### Supplied entries

+--

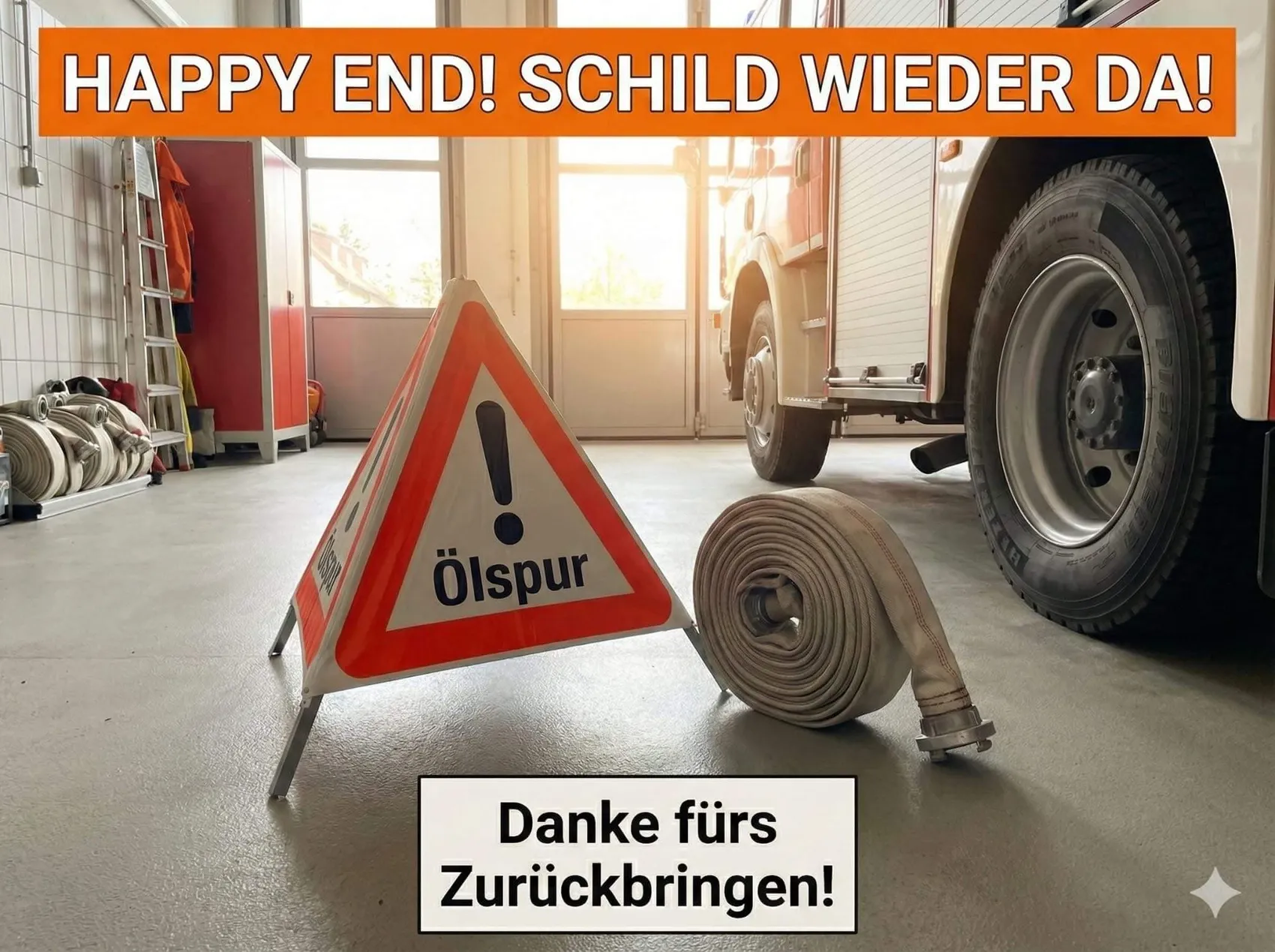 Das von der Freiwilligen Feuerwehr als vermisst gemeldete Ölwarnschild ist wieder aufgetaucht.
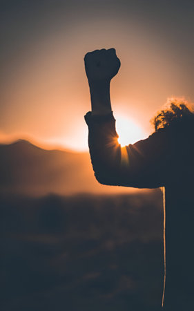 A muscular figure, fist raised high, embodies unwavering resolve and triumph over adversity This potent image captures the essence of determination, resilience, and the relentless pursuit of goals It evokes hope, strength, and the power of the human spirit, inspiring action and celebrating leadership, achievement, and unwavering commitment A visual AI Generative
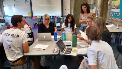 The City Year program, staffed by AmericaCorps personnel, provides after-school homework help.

+--

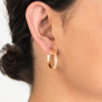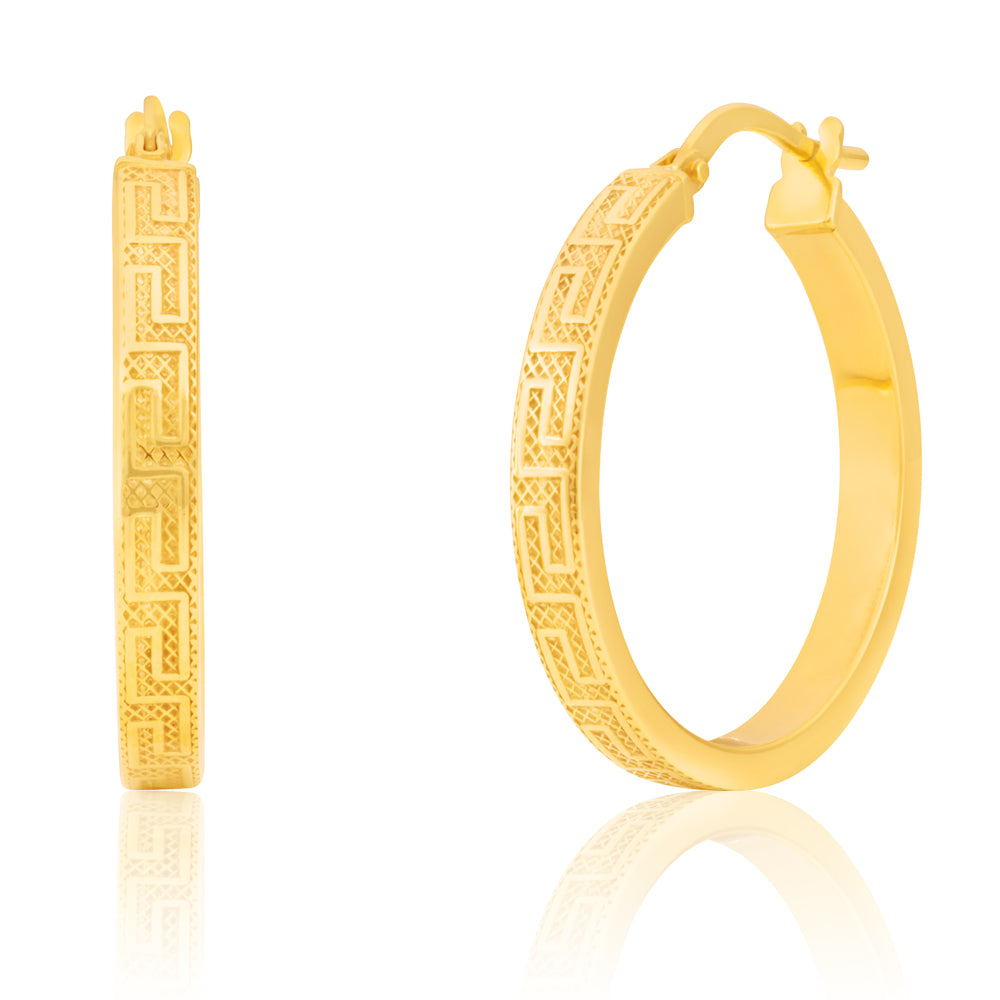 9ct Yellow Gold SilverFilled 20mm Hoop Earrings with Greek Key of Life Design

+--

Now transcribe the lines above exactly, starting at the line containing "A muscular figure, fist" and ending at the line containing "The City Year", both lines included, pictures excluded.

### Result of the exercise
 A muscular figure, fist raised high, embodies unwavering resolve and triumph over adversity This potent image captures the essence of determination, resilience, and the relentless pursuit of goals It evokes hope, strength, and the power of the human spirit, inspiring action and celebrating leadership, achievement, and unwavering commitment A visual AI Generative
 The City Year program, staffed by AmericaCorps personnel, provides after-school homework help.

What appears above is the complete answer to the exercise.